Learn what money market funds are and why they are a popular option for investors who prefer cash-based investments.

Money market funds are short-term unlisted managed investment schemes structured as open-ended mutual funds. Its underlying assets are usually low to medium risk cash-based investments that offer higher interest rates, such as certificates of deposit (CDs) and other high-interest securities.

A money market fund is one of the prime choices for Australians who prefer cash-based investments since it retains liquidity and minimises risks to the principal investment. It also opens up the opportunity for individual investors to access assets that require a high initial capital.

Here’s a quick guide to money market funds before investing in one.

Money market: accounts versus funds

A typical money market account is accessible only to wholesale investors, such as big institutions and people with large capital. Since the minimum principal investment usually amounts to $500,000, investors with smaller capitals do not usually have enough to invest.

Fund managers have made such accounts more accessible to retail investors through money market funds because most try to maintain a consistent net asset value (NAV) at or close to $1.

Since money market funds are unlisted investments, they are cannot be traded on the Australian Securities Exchange (ASX).
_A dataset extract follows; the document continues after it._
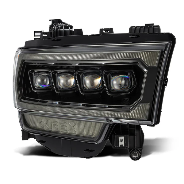 NOVA-Series Driver and Passenger Side Alpha-Black Sequential DRL Bar Projector LED Headlights (AHL-DR219-N-FLB) by AlphaRex®. 1 Pair. Alpha-Black housing, clear lens. Bulb: LED low beam, LED high beam. Upgrade your vehicle with top-of-the-line headlights from AlphaRex and enjoy excellent light performance and improvement in appearance. Delivering bright illumination, they will effectively light your way during the night and enable safe driving, while giving your vehicle a dream exterior, rediscovering its beauty in a new way.

However, ASX developed the mFund—a separate platform for unlisted managed funds—where investors may find and enroll in money market funds.

Fund managers, brokers and some banks also offer money market accounts and funds.

Money market fund features

Money market funds have various features that make them attractive to investors, such as:

Accessibility
As mentioned earlier, money market fund assets are usually difficult to access for retail investors because of the high capital requirement. Since fund managers invest in a diverse pool of cash-based and short-term liquid assets, investors are able to diversify and acquire previously inaccessible securities at a more reasonable price.

Liquidity
Money market funds retain liquidity because of the fund’s nature as a short-term investment. Since most funds mature in less than one year, investors don’t have to wait years to receive their capital plus investment returns.

Its open-ended mutual fund structure also allows investors to redeem their investment anytime if they don’t want to wait until maturity.

Diversity
Money market funds are not limited to one type of investment. Managers may combine term deposits, treasury bonds, redeemable dividend-paying shares, callable corporate bonds, hybrids, or any high-interest securities to form the fund.

The only requirements are that the underlying assets must be short-term, pose lower risks, and have higher interest rates.

Risks

Money market funds almost resemble term deposits offered by financial institutions, but investors must understand a few key differences.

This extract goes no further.